| What to produce |
There are pictures in the records below; leave them out and set down exactly the lines from the one holding "САМЫЙ УДОБНЫЙ И" through the one holding "Wyprzedane WyprzedaneGranatowy 100%".

| Provided records |
>>>>>
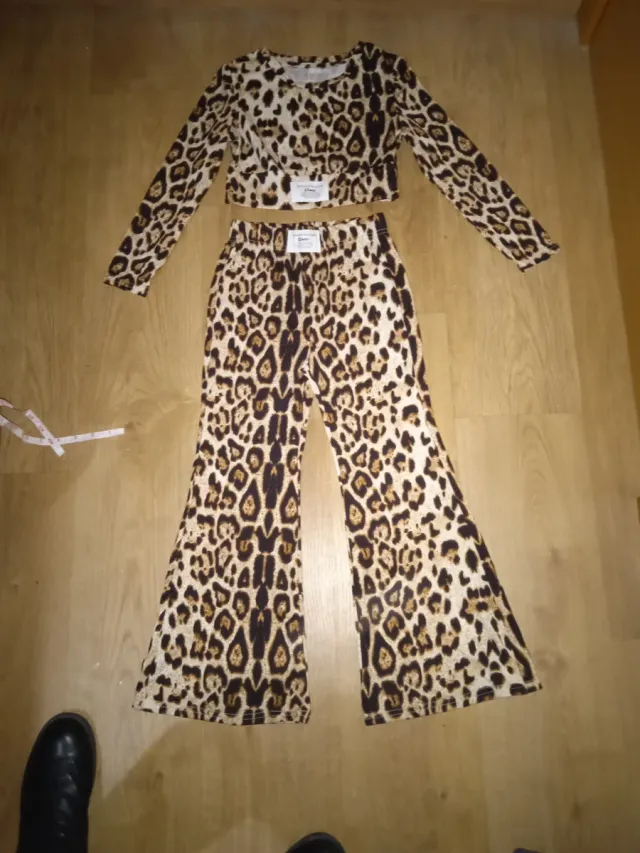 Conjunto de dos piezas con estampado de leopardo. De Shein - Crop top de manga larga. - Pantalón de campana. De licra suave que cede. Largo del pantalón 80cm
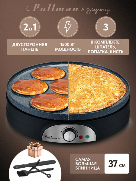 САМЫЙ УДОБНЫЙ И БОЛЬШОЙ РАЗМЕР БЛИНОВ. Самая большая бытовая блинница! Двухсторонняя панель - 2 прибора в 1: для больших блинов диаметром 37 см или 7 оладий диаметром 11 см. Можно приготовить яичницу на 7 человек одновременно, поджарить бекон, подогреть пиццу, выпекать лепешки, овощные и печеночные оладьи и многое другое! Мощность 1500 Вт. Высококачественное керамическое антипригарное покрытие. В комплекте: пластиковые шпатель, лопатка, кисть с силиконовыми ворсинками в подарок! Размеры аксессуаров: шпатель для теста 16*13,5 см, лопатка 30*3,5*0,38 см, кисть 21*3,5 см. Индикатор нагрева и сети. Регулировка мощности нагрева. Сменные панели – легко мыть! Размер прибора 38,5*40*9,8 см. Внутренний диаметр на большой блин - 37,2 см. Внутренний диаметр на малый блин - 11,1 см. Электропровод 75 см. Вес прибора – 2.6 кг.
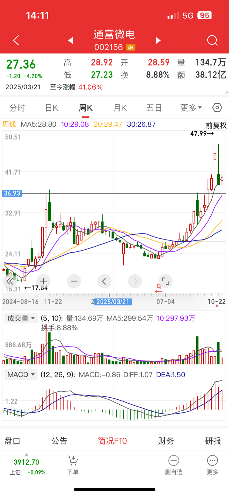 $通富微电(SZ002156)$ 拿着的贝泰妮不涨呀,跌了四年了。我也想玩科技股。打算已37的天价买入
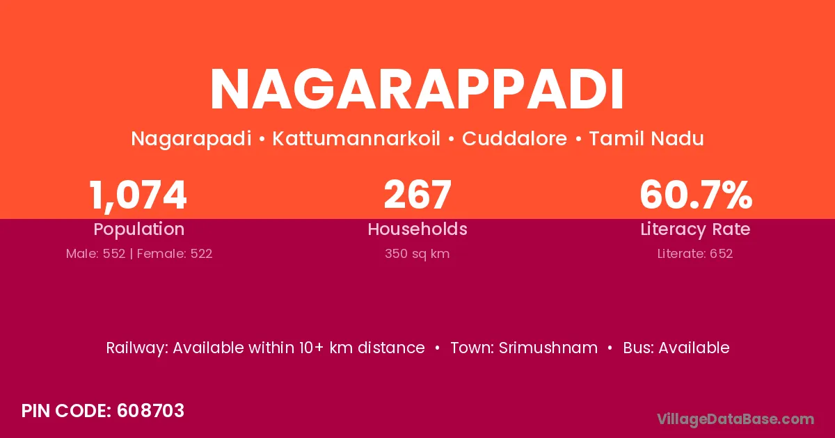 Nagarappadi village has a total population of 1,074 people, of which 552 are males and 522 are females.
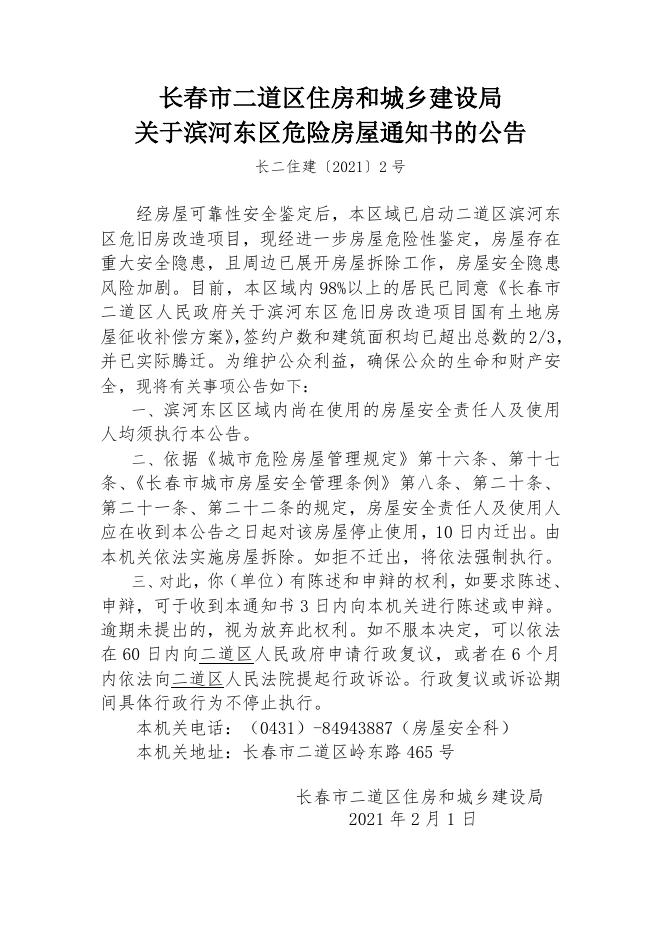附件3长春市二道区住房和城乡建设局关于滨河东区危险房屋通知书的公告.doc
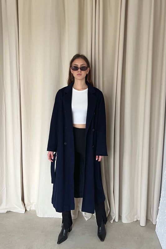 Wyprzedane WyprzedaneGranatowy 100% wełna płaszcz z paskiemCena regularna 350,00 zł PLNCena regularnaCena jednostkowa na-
<<<<<
>>>>>
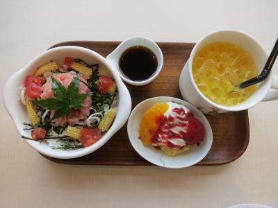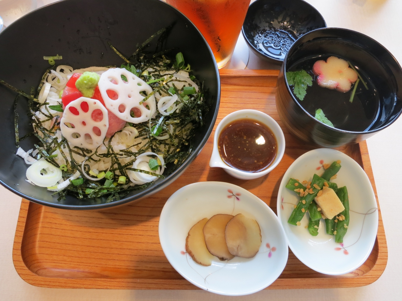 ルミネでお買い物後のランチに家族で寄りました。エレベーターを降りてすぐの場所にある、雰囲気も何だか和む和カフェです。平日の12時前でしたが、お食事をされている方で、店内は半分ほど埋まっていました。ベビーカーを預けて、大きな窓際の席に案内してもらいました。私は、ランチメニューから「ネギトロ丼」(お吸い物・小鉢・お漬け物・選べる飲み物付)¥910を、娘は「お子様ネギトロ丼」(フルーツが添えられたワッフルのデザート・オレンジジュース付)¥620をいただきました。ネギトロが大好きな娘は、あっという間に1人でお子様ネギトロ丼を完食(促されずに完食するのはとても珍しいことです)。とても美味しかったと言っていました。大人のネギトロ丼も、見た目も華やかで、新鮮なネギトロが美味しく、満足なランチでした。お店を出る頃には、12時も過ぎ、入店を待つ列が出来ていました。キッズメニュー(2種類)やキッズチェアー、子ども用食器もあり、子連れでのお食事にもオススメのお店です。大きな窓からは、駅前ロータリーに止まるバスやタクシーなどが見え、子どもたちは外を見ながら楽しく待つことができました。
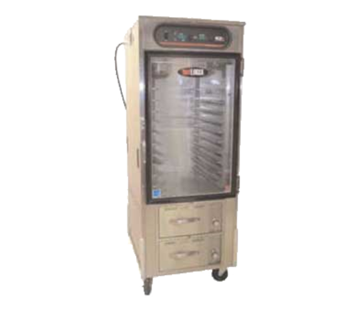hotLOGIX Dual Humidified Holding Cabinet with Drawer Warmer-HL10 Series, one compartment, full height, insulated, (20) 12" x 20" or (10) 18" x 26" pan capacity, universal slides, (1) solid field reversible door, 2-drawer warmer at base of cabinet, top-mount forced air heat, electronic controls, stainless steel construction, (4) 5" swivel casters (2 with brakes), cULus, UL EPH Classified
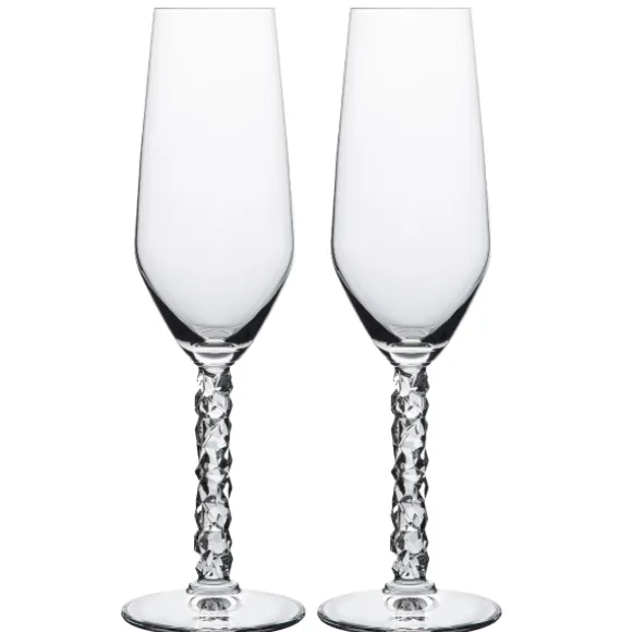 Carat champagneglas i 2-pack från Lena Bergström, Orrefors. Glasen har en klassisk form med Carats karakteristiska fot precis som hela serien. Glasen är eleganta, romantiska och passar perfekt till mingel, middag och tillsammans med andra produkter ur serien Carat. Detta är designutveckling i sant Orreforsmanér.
<<<<<
>>>>>
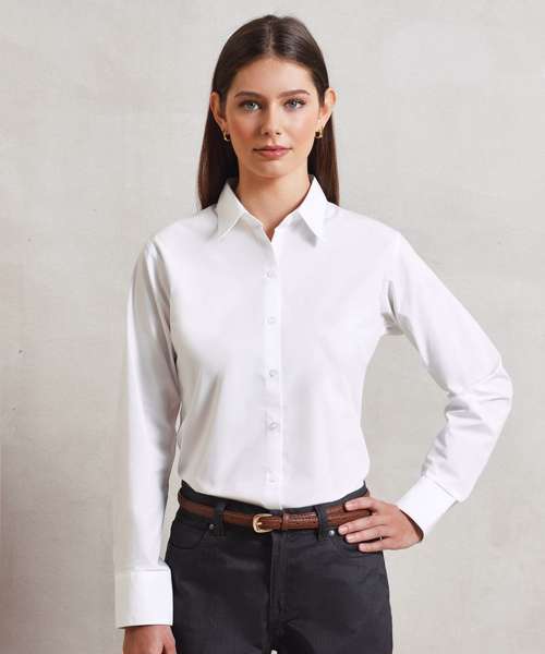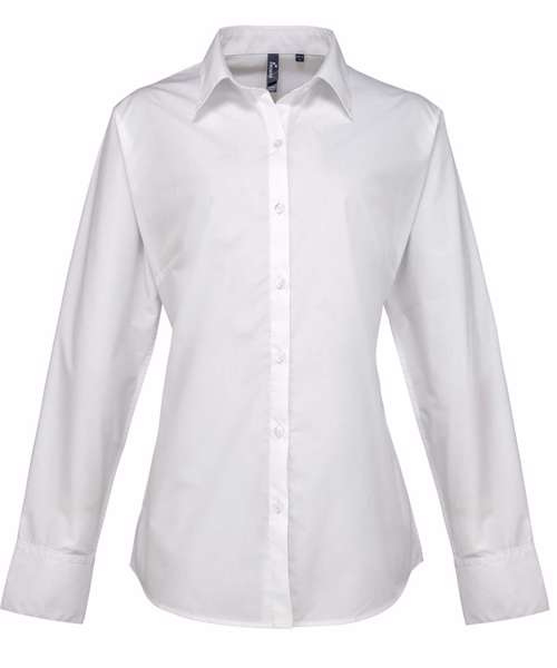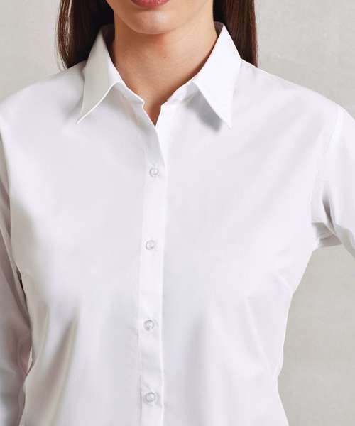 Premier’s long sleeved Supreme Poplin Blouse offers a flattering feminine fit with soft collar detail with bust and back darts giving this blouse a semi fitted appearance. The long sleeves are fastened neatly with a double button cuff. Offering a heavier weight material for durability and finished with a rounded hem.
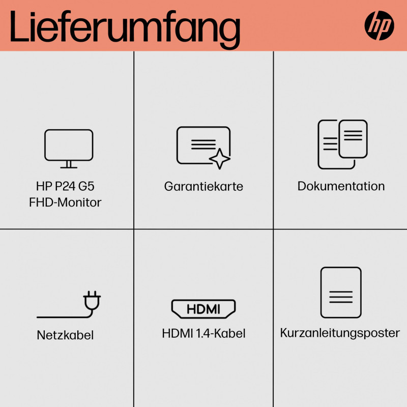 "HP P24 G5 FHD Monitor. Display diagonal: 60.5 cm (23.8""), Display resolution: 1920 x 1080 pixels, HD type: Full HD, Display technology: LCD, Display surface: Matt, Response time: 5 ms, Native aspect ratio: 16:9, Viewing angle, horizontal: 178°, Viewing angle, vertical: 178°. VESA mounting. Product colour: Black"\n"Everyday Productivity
<<<<<
| Output of the exercise |
 САМЫЙ УДОБНЫЙ И БОЛЬШОЙ РАЗМЕР БЛИНОВ. Самая большая бытовая блинница! Двухсторонняя панель - 2 прибора в 1: для больших блинов диаметром 37 см или 7 оладий диаметром 11 см. Можно приготовить яичницу на 7 человек одновременно, поджарить бекон, подогреть пиццу, выпекать лепешки, овощные и печеночные оладьи и многое другое! Мощность 1500 Вт. Высококачественное керамическое антипригарное покрытие. В комплекте: пластиковые шпатель, лопатка, кисть с силиконовыми ворсинками в подарок! Размеры аксессуаров: шпатель для теста 16*13,5 см, лопатка 30*3,5*0,38 см, кисть 21*3,5 см. Индикатор нагрева и сети. Регулировка мощности нагрева. Сменные панели – легко мыть! Размер прибора 38,5*40*9,8 см. Внутренний диаметр на большой блин - 37,2 см. Внутренний диаметр на малый блин - 11,1 см. Электропровод 75 см. Вес прибора – 2.6 кг.
 $通富微电(SZ002156)$ 拿着的贝泰妮不涨呀,跌了四年了。我也想玩科技股。打算已37的天价买入
 Nagarappadi village has a total population of 1,074 people, of which 552 are males and 522 are females.
附件3长春市二道区住房和城乡建设局关于滨河东区危险房屋通知书的公告.doc
 Wyprzedane WyprzedaneGranatowy 100% wełna płaszcz z paskiemCena regularna 350,00 zł PLNCena regularnaCena jednostkowa na-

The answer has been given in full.